So this question has two parts really:
i.) Show the curvature functions (Gauss Curvature) $K_{g'}$ and $K_g$ for two conformally equivalent metrics, g' and g, in dimension 2 satisfy: $$K_{g'} = e^{-2u}(K_{g} - \Delta_{g}u)$$ Where u is an arbitrary function and $\Delta$ is the laplace operator (trace of the Hessian)

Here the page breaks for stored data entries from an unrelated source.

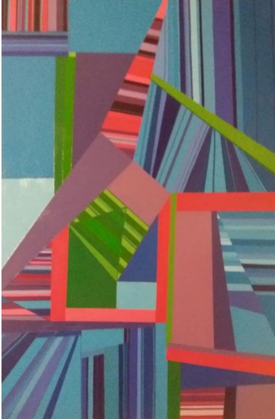
BG 1008 (2018) Acrílico sobre bastidor de 0,60 X 0,90 cm.
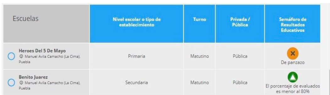
Figura 11. Resultados prueba ENLACE

En el año 2017, los estudiantes de la primaria de la comunidad tuvieron un resultado igual al “de panzazo” (ver figura 11). A diferencia de este resultado, la secundaria obtuvo el indicador de “excelente”, aunque el porcentaje de los estudiantes evaluados es menor al 80% del total.
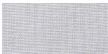
Saba 2 | 09
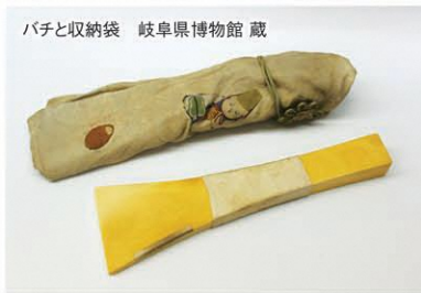
バチと収納袋 岐阜県博物館蔵
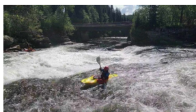
Nedre Stranda Voss
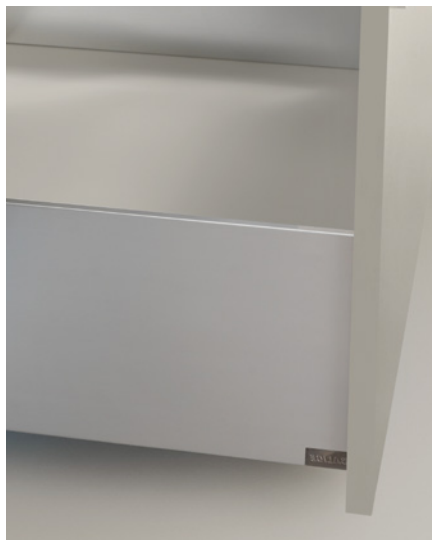
• Inox • Anodisation brossée
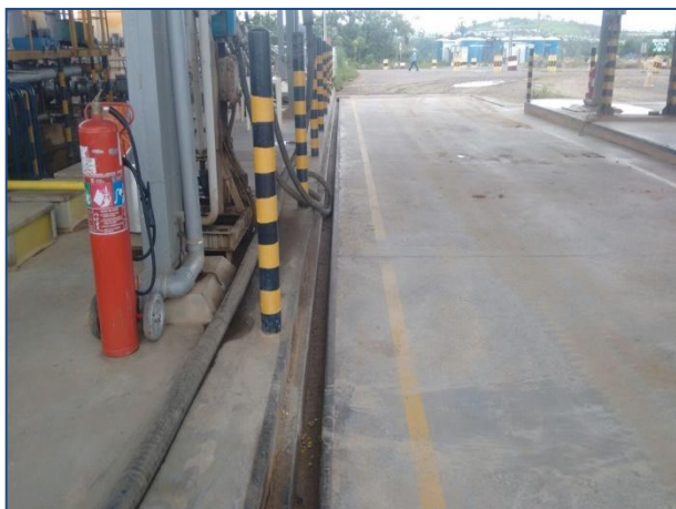
Anexo 3.4.2 – 1 – Sinalização de Atendimento à Emergências
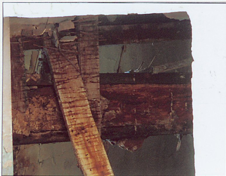
Wnętrze. Fragment stropu.
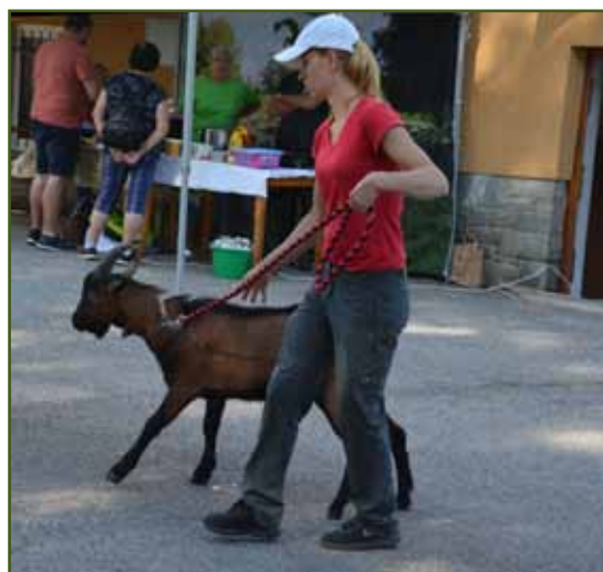
Předvádění kozlů v pohybu
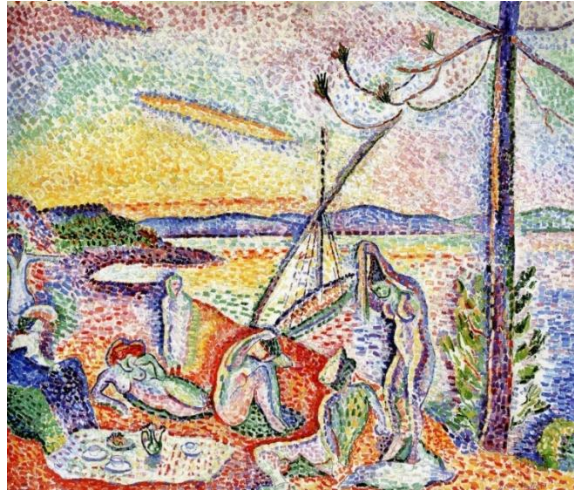
Resim 4. Henri Matisse, "Lüks, sükunet ve keyfe düşkünlük", 1904, tuval üzerine yağlı boya

Henri Matisse bu çalışmasını Cezanne’den etkilenerek yapmıştır (Ingram, 2017:13). Matisse kendi temel fikirlerinden bir tanesini bu eserde yansıtmaktadır. Sanatçı fikirle doğar, ömrünü onu geliştirmek ve yaşatmak için harcar der. Figürlerde yer alan tensel keyifi ömrü boyunca arayacaktır (Ingram, 2017:15. Matisse’nin erken dönemine ait bu resmini bir yaz günü deniz kenarında yapmıştır. Bu resmini yaparken yanında puantalist ressam Signac varmış ve ondan etkilenmiştir. Resimde parçalı noktalara benzeyen çizgiler puantalist gibi görünse de puantalist değildir. Fakat puantalist bir etki hissedilmektedir. Renkler yoğun ve canlı bir etkiyle görülmektedir. Sanatçı Natüralist bir yaklaşımla resmi ele almıştır. Resimde renkler sanatçının
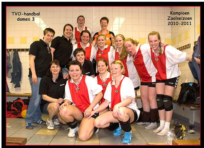
TVO Handbaldames3 kampioen
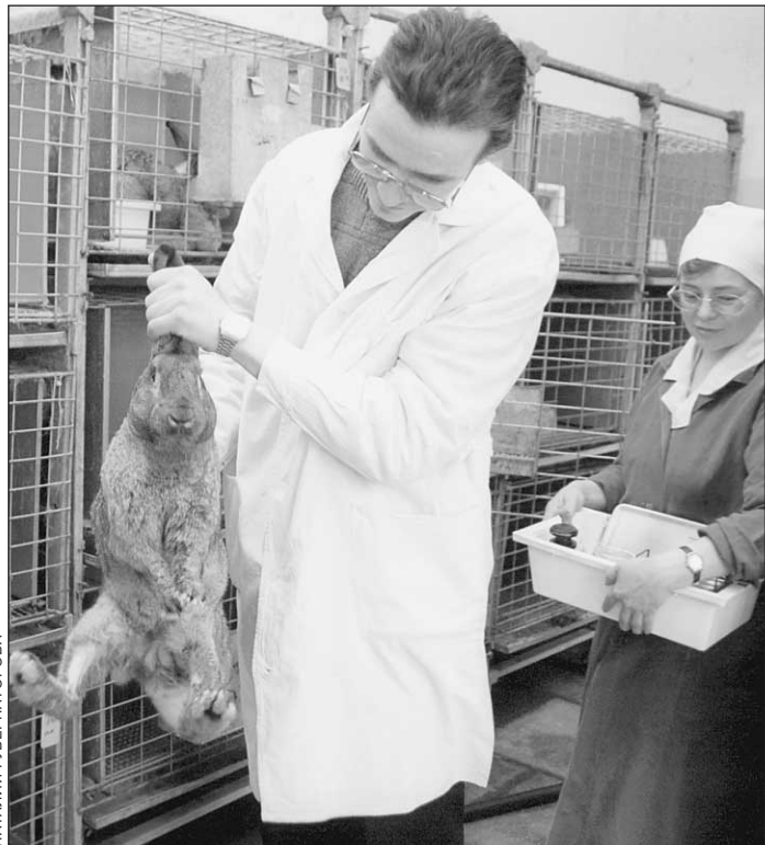
Микробиологи из Подмосковья не платят за свет и покупают импортных кроликов для опытов
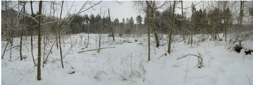
Post 8 (også lige midt i billedet) var nem at finde, men vanskelig at komme frem til. Flere 100 m. løb - som var mere gang eller kamp - i ½ m. sne, som dækkede alt - grene, huller mv. - var "ret hårdt" for nogle af os gamle.,
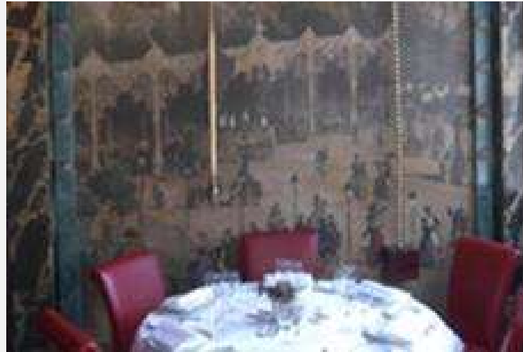
Projet Hôtel 2 Renovation parties communes
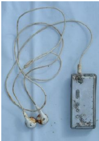
銀色携帯用音楽プレイヤー
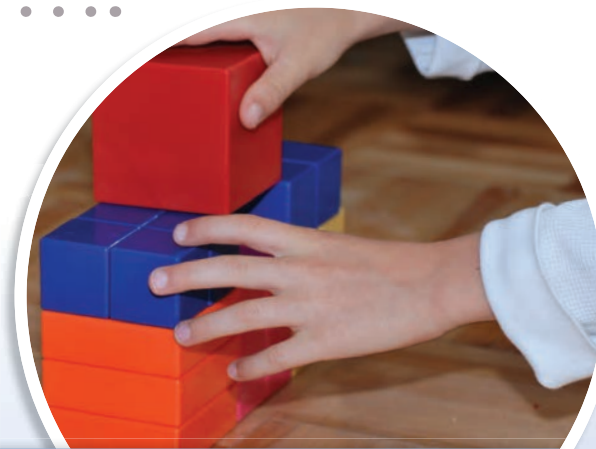
LA CONSTRUCTION IDENTITAIRE
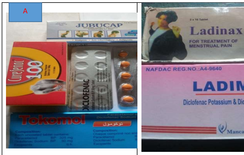
Planche n°3 : portant sur les types de noms de la diclofénac.
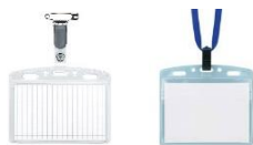
・名札 (衣服取付型・首下げ型)

ii.) What is the curvature function (again, Gauss) of a conformally flat metric $h = e^{2u}g_{e}$ in terms of u? Where the metric $g_{e}$ is the standard euclidean metric.
So for...
i.) Here I'm using as the def of Gauss curvature: $$ K = \frac{<(\nabla_{e_{2}}\nabla_{e_{1}} - \nabla_{e_{1}}\nabla_{e_{2}})e_{1}, e_{2}>}{Det(g)}$$ where $\nabla_{e_j}e_{i}$ = $\Gamma_{ij}^{k}e_{k}$
And we know that two conformally equivalent matrics are given by: $$g' = e^{2u}g$$ So then my instincts would tell me to take g' and calculate $K_{g'}$ in terms of u and g and then see that the $e^{-2u}$ likely comes from the $Det(g')$ but I'm not sure how the basis vectors change from one metric to the next, though I'm sure that's what accounts for the difference of the laplachian of u.
ii.) Here this is similar in issue as above, I imagine we just throw $h$ as given by $h = e^{2u}g_{e}$ into the equation for curvature. I can see the denominator being different, easily, but again I'm not sure how $e_1$ in the $g_e$ metric differs from $e_1$ in the $h$ metric. Any help?